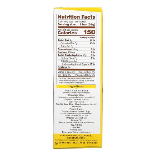Описание товара Simple Mills, Мягкие батончики из запеченной миндальной муки, арахисовая паста и шоколадная крошка, 5 батончиков по 34 г (1,19 унции)
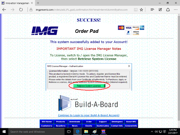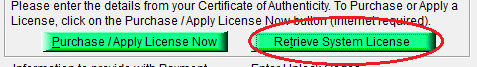 To license My-T-Soft, select "System License Options", then click on "Retrieve System License"
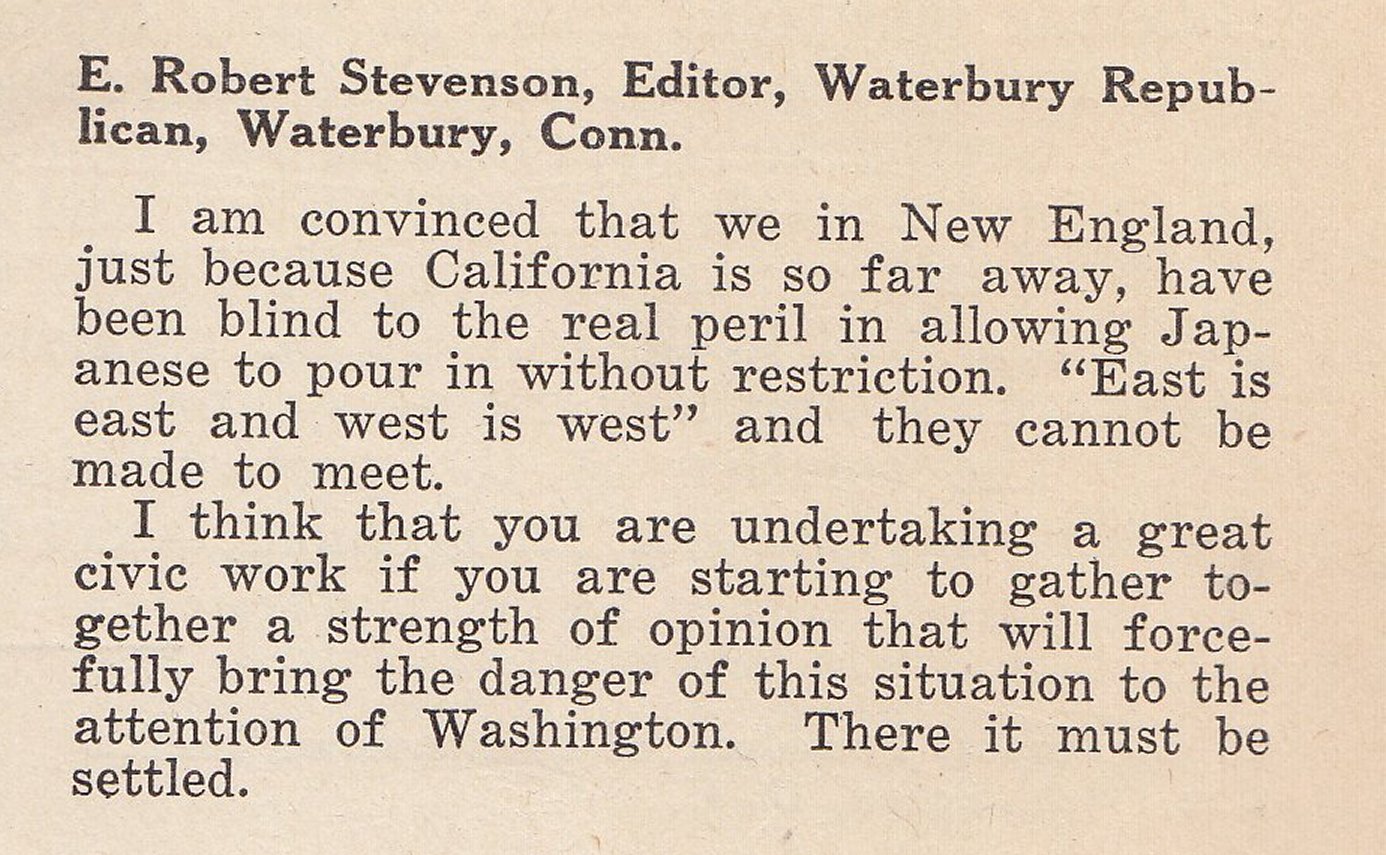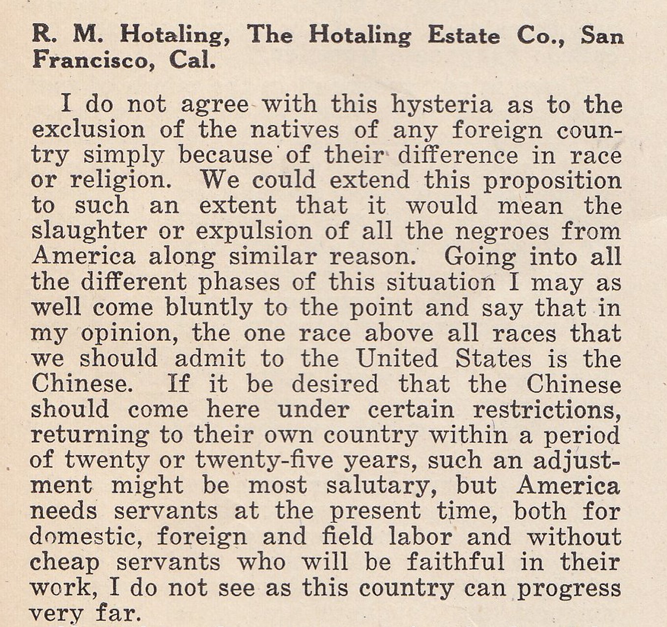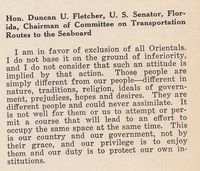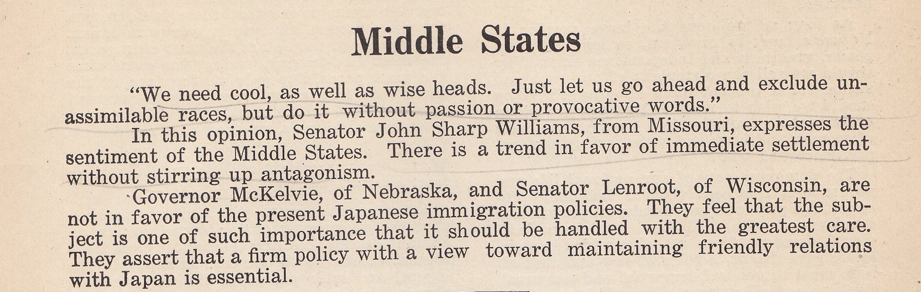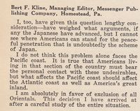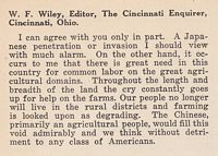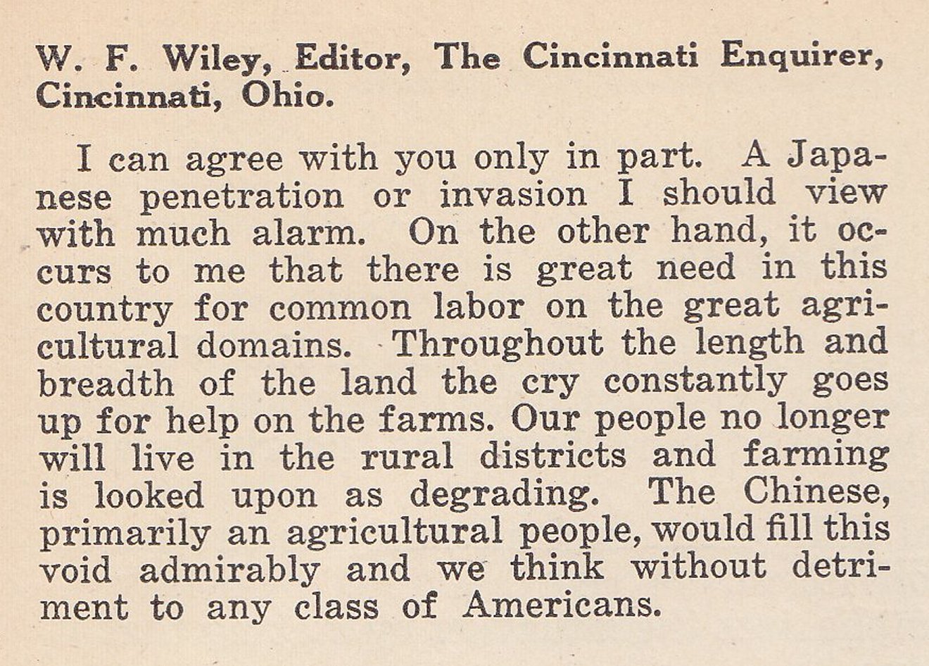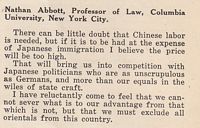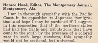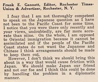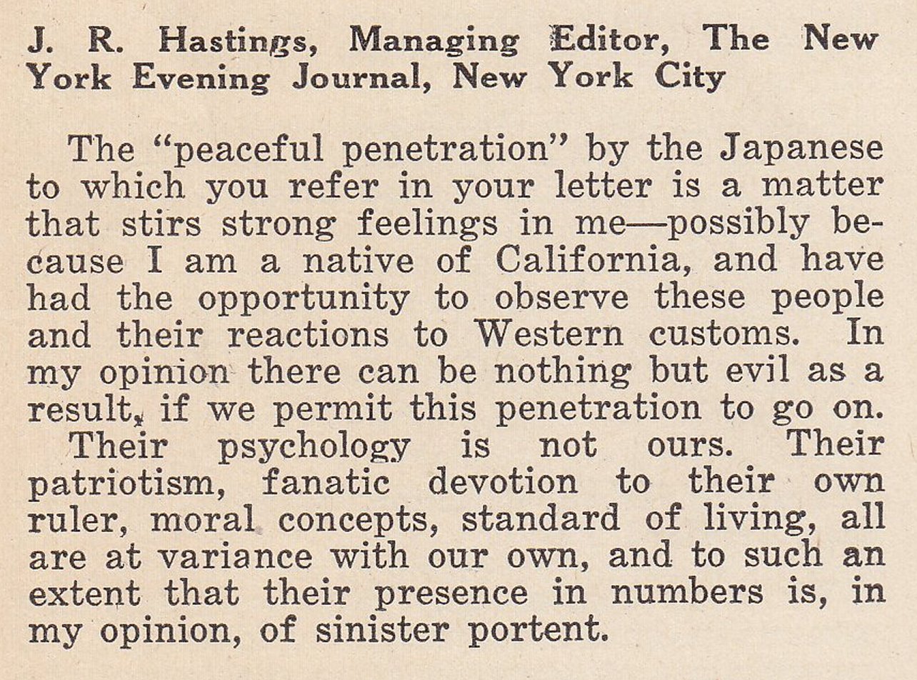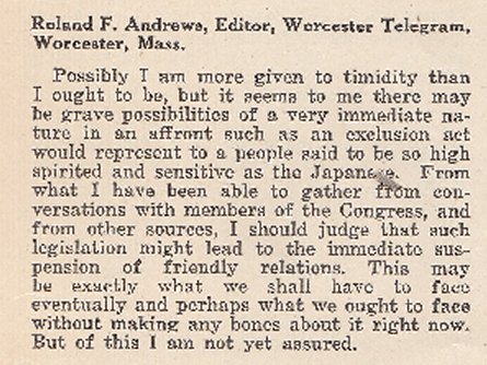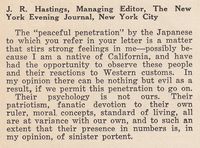 This person is hard to figure. He notes that keeping friendly relations is important, yet he does not state anything about his own personal opinion about the Japanese or their immigration.

# WORK REQUIRED
Nothing but the lines from the one containing "To license My-T-Soft, select" through the last line of the listing should be copied, each word for word and without pictures.

# ANSWER FOR THE TASK
 To license My-T-Soft, select "System License Options", then click on "Retrieve System License"
 This person is hard to figure. He notes that keeping friendly relations is important, yet he does not state anything about his own personal opinion about the Japanese or their immigration.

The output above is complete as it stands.